- [Task instructions]
Omit the pictures and return every entry exactly as written.

- [Dataset records]
══════

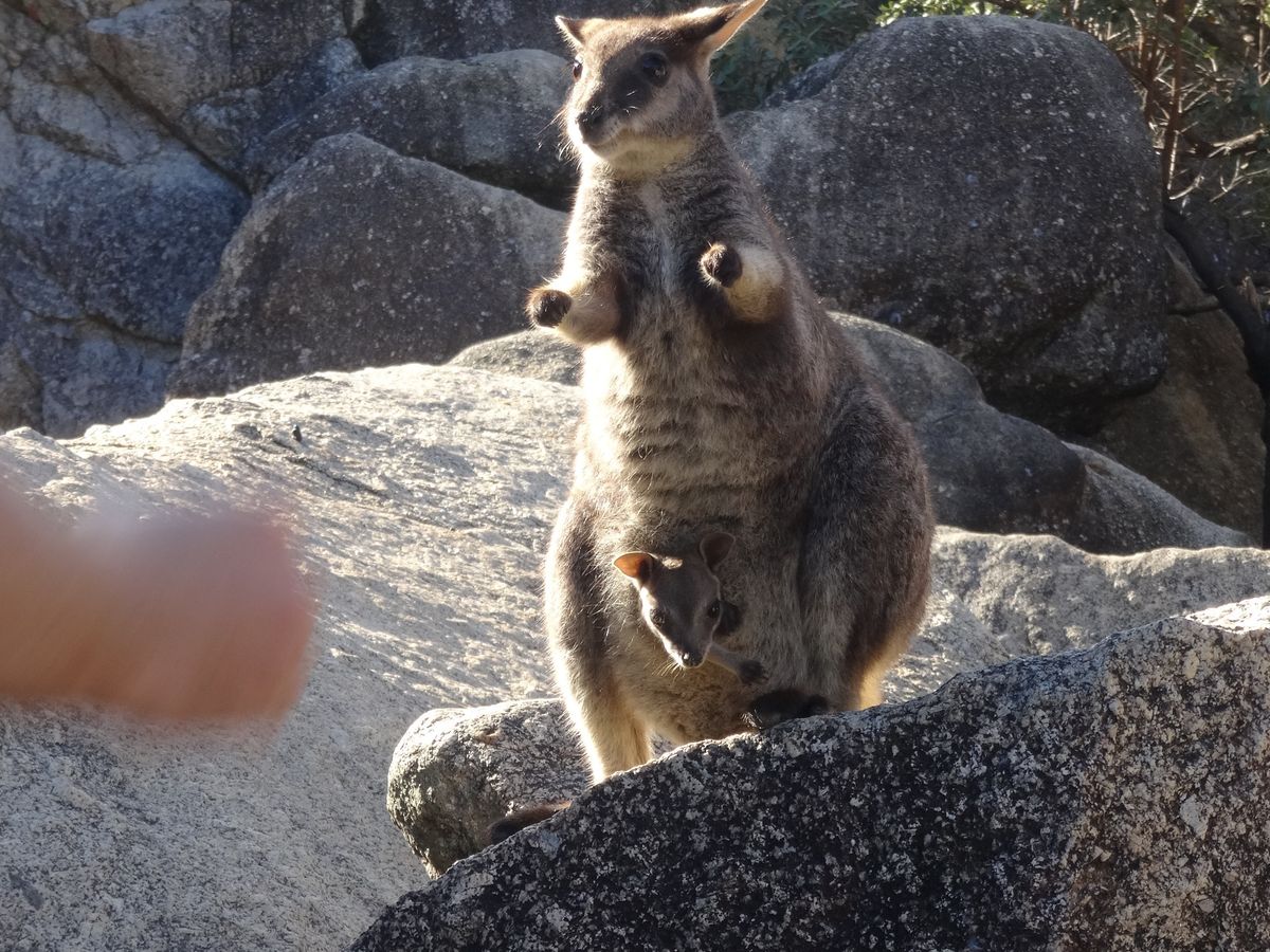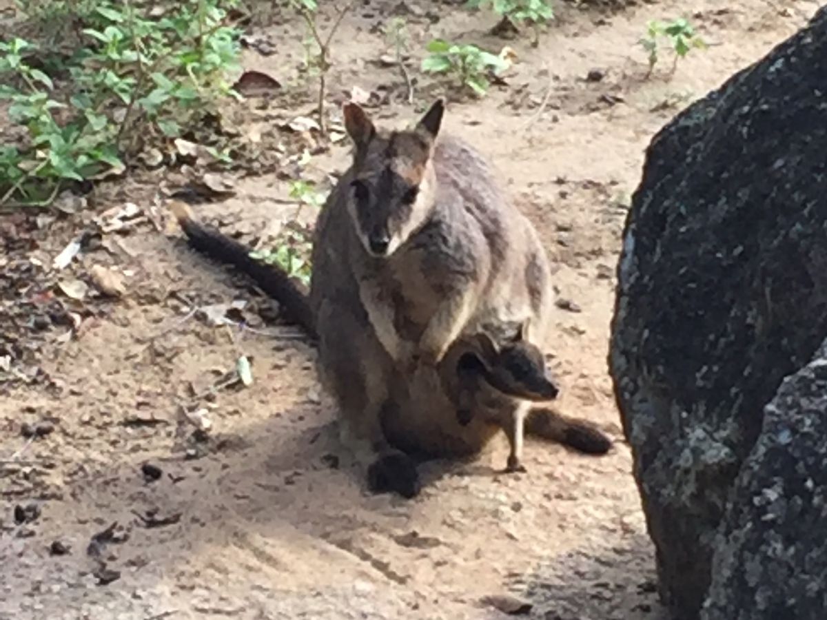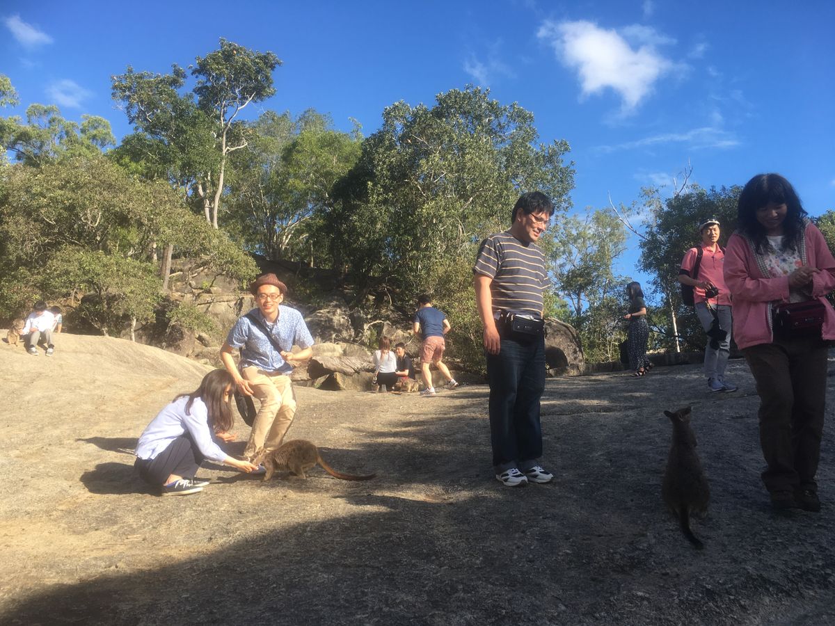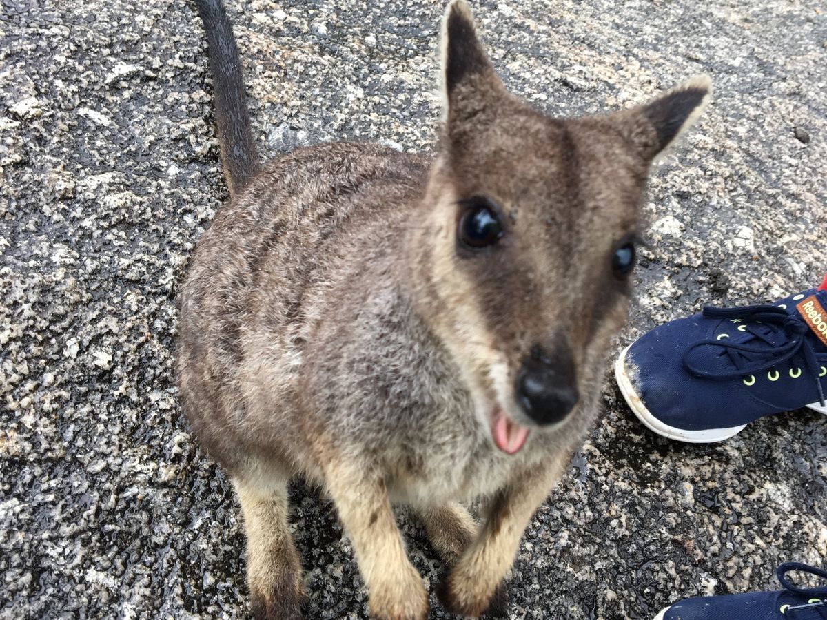 自然の生き物が相手なのと、雨だった事もあり、期待半分でしたが、見たかった動物に会う事ができて、ラッキーだったと思います。ロックワラビーにもたくさん囲まれて、もっともっとエサをあげたい、連れて帰りたいと思いながら、後ろ髪をひかれつつ帰ってきました。ずっと向こうの岩の上でこちらの様子を見ていた子も、とても気になりました。
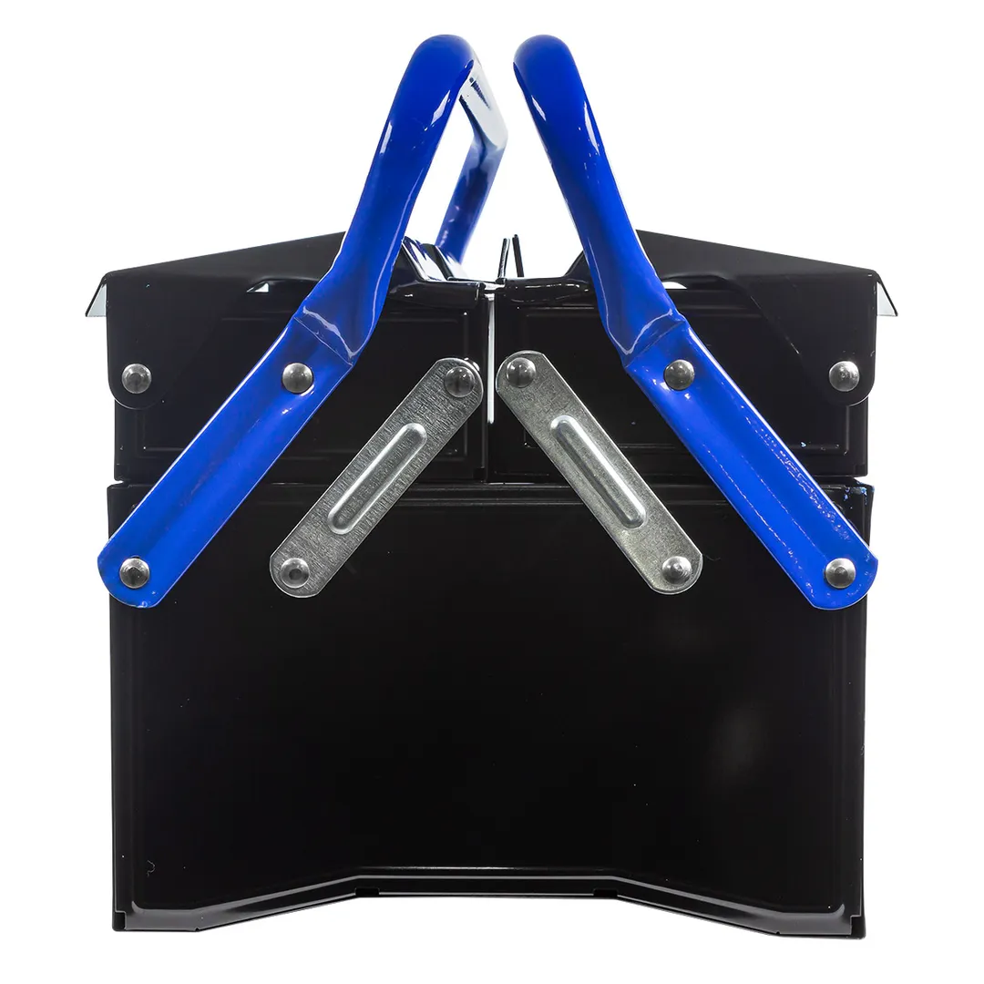 Ящик имеет пять раздвижных отделений, которые легко раскладываются и позволяют организовать пространство внутри ящика максимально эффективно. Благодаря удобной ручке, ящик можно легко переносить, а отверстия на створках позволяют зафиксировать их, чтобы предотвратить открытие ящика при транспортировке.
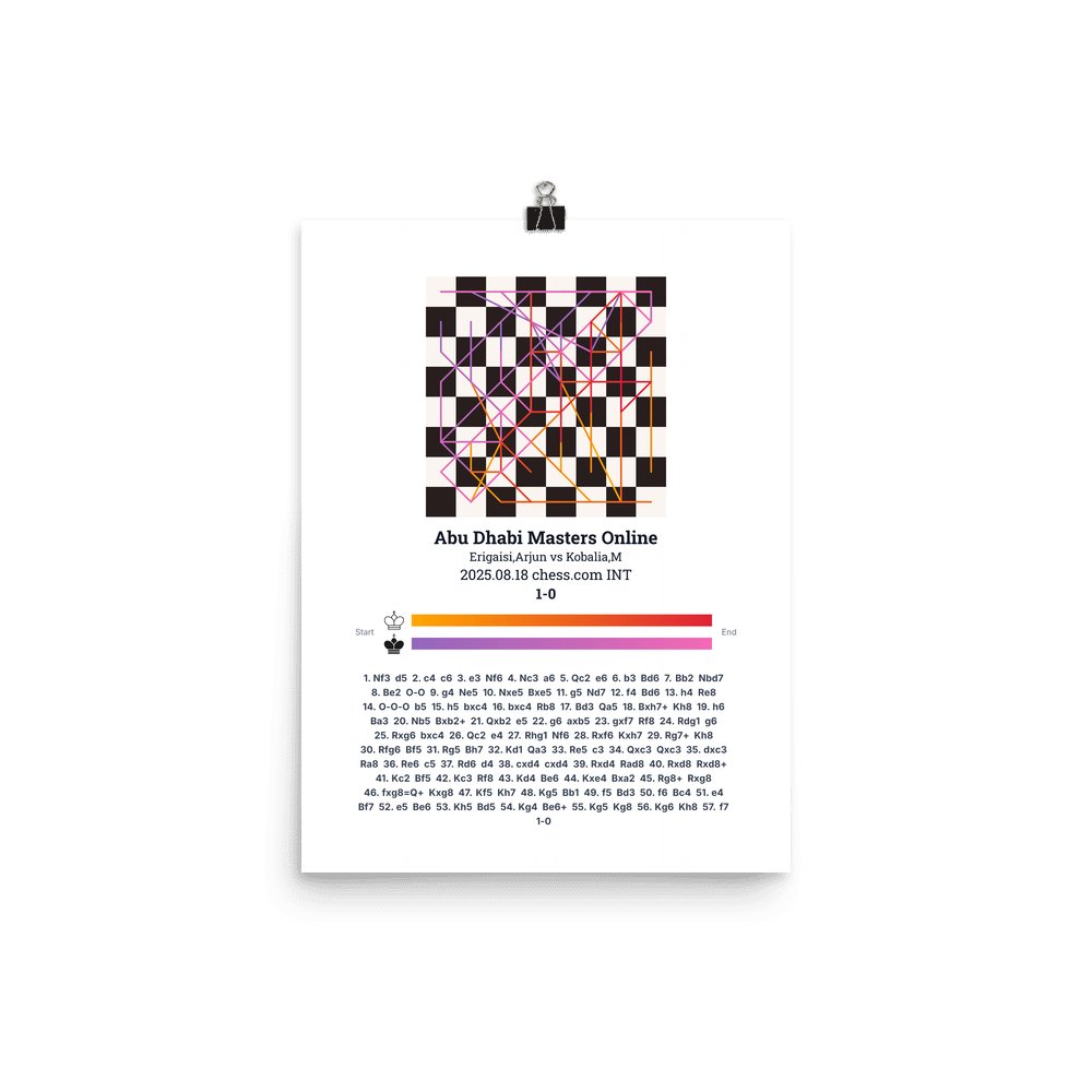 Museum-quality poster on thick, durable matte paper. A sharp, clean look for any chess visualisation.
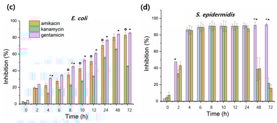 Antibacterial kinetic growth curves and inhibition (%) of non-porous PLA (control) and AD-loaded porous 7:3 PLA against (a,c) E. coli and (b,d) S. epidermidis; two-way ANOVA: o p < 0.05 amikacin versus kanamycin; ★ p < 0.05 kanamucin versus gentamicin; # p < 0.05 amikacin versus gentamicin.
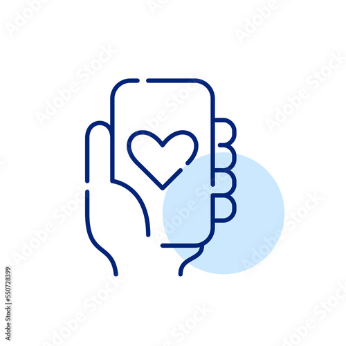 Obraz premium Hand holding smartphone with a heart symbol on screen. Pixel perfect, editable stroke line icon
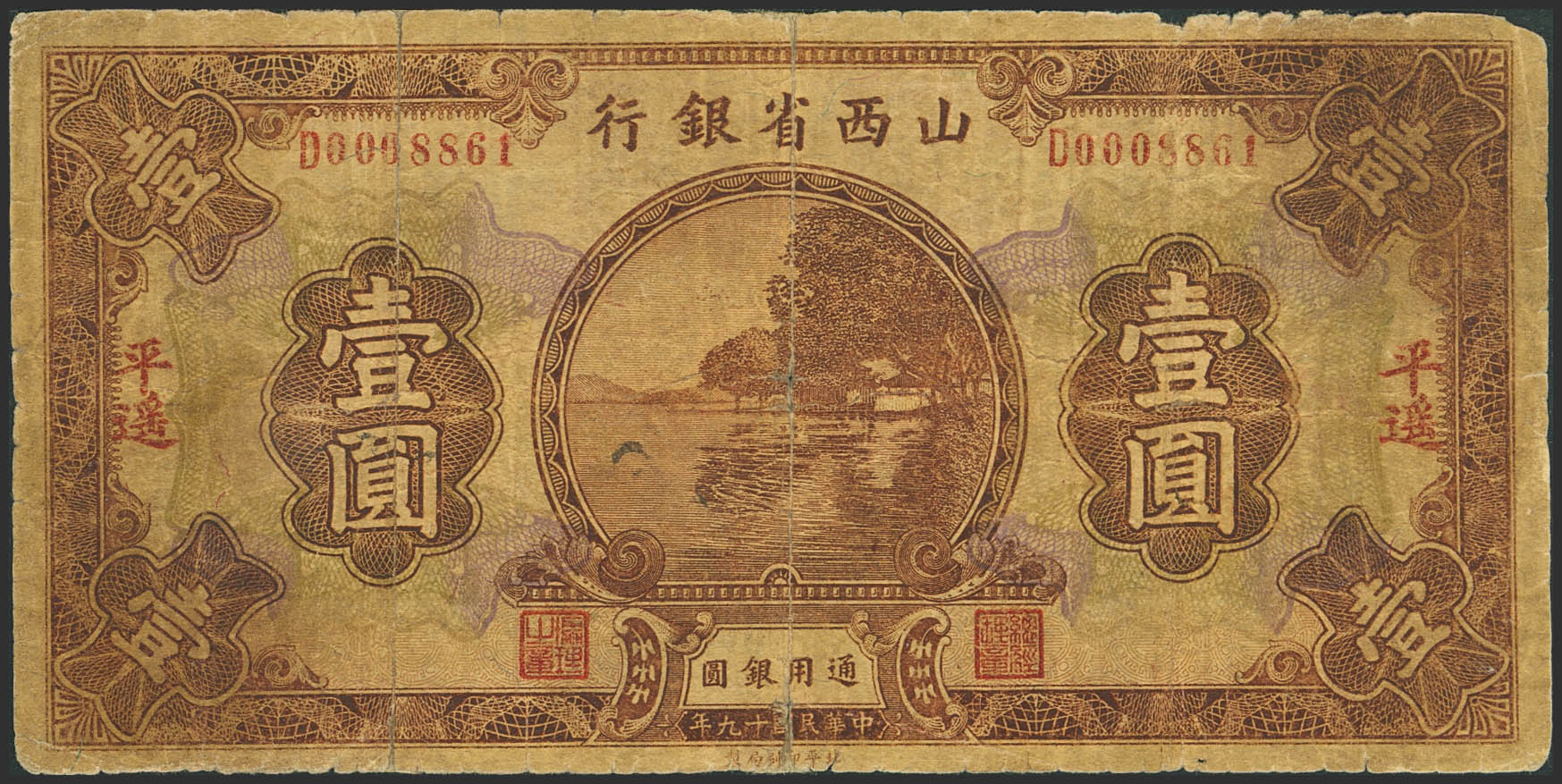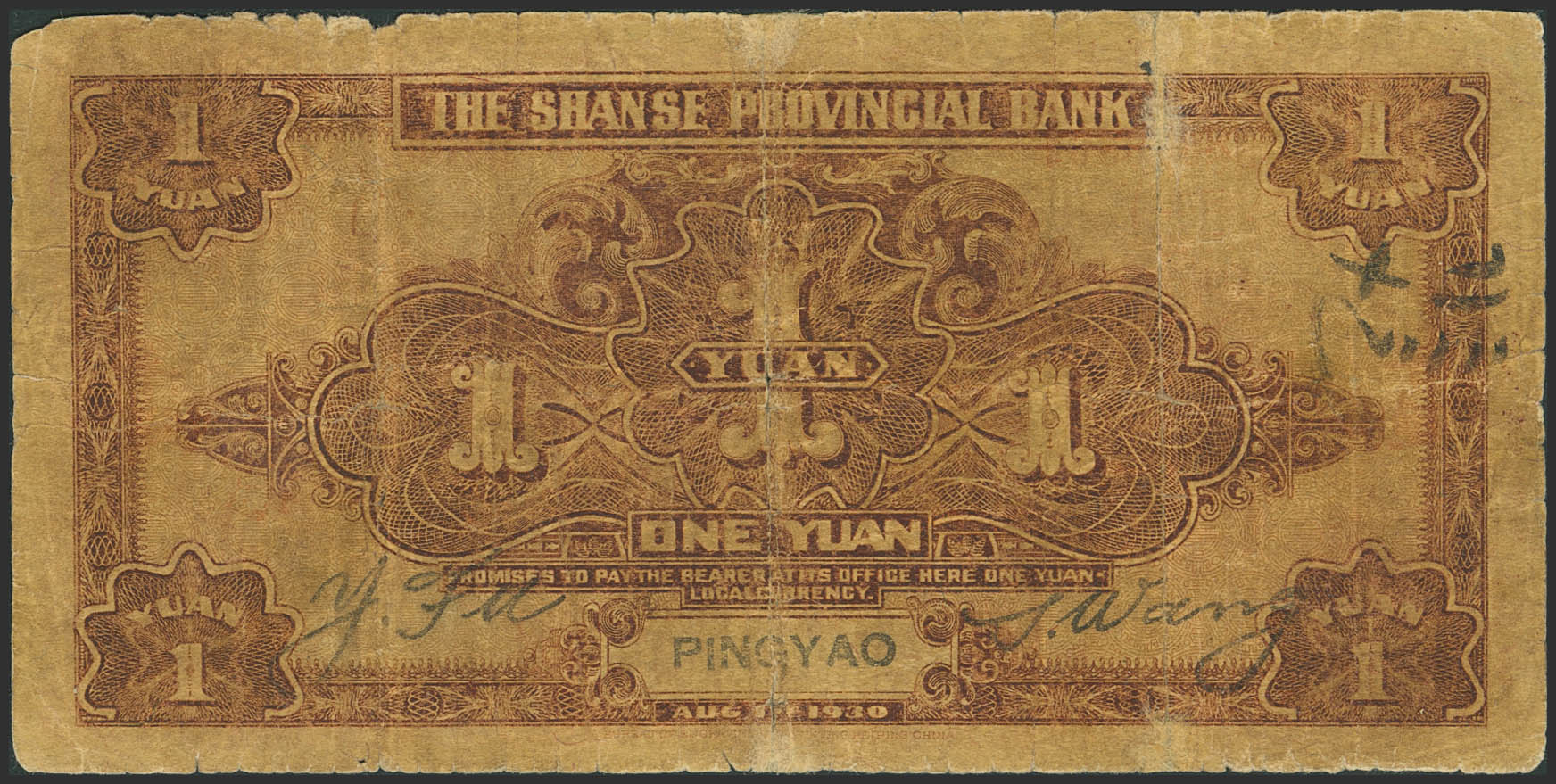 English CHINA. 1 Yuan. 1 August 1930. Shanse Provincial Bank. Pingyao. (Pick: S2657h). Very Good.
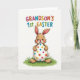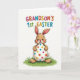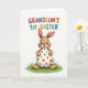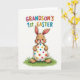 This card shows a cute, human-like bunny in soft warm brown, with pink inside its upright ears and a faint blush on its cheeks 🐰. Its wide dark eyes and open smile give it a friendly look, like it’s sharing a sweet moment with whoever receives the card. The bunny’s small rounded paws cradle a large white egg, held close as if it’s a treasured gift between friends. The egg is covered in neat round polka dots in red, blue, yellow, green, and bright pink, scattered across the smooth surface for a lively pattern 🌷. The bunny stands on a small patch of green grass with gentle shading to suggest texture. The background stays plain white, keeping all the attention on the character and the colorful egg. Near the top, a short line of text announces a “first” Easter, with each letter in a different color. The grass sits directly under the bunny, forming a simple base beneath the centered figure.

══════

- [Reply to the task]
 自然の生き物が相手なのと、雨だった事もあり、期待半分でしたが、見たかった動物に会う事ができて、ラッキーだったと思います。ロックワラビーにもたくさん囲まれて、もっともっとエサをあげたい、連れて帰りたいと思いながら、後ろ髪をひかれつつ帰ってきました。ずっと向こうの岩の上でこちらの様子を見ていた子も、とても気になりました。
 Ящик имеет пять раздвижных отделений, которые легко раскладываются и позволяют организовать пространство внутри ящика максимально эффективно. Благодаря удобной ручке, ящик можно легко переносить, а отверстия на створках позволяют зафиксировать их, чтобы предотвратить открытие ящика при транспортировке.
 Museum-quality poster on thick, durable matte paper. A sharp, clean look for any chess visualisation.
 Antibacterial kinetic growth curves and inhibition (%) of non-porous PLA (control) and AD-loaded porous 7:3 PLA against (a,c) E. coli and (b,d) S. epidermidis; two-way ANOVA: o p < 0.05 amikacin versus kanamycin; ★ p < 0.05 kanamucin versus gentamicin; # p < 0.05 amikacin versus gentamicin.
 Obraz premium Hand holding smartphone with a heart symbol on screen. Pixel perfect, editable stroke line icon
 English CHINA. 1 Yuan. 1 August 1930. Shanse Provincial Bank. Pingyao. (Pick: S2657h). Very Good.
 This card shows a cute, human-like bunny in soft warm brown, with pink inside its upright ears and a faint blush on its cheeks 🐰. Its wide dark eyes and open smile give it a friendly look, like it’s sharing a sweet moment with whoever receives the card. The bunny’s small rounded paws cradle a large white egg, held close as if it’s a treasured gift between friends. The egg is covered in neat round polka dots in red, blue, yellow, green, and bright pink, scattered across the smooth surface for a lively pattern 🌷. The bunny stands on a small patch of green grass with gentle shading to suggest texture. The background stays plain white, keeping all the attention on the character and the colorful egg. Near the top, a short line of text announces a “first” Easter, with each letter in a different color. The grass sits directly under the bunny, forming a simple base beneath the centered figure.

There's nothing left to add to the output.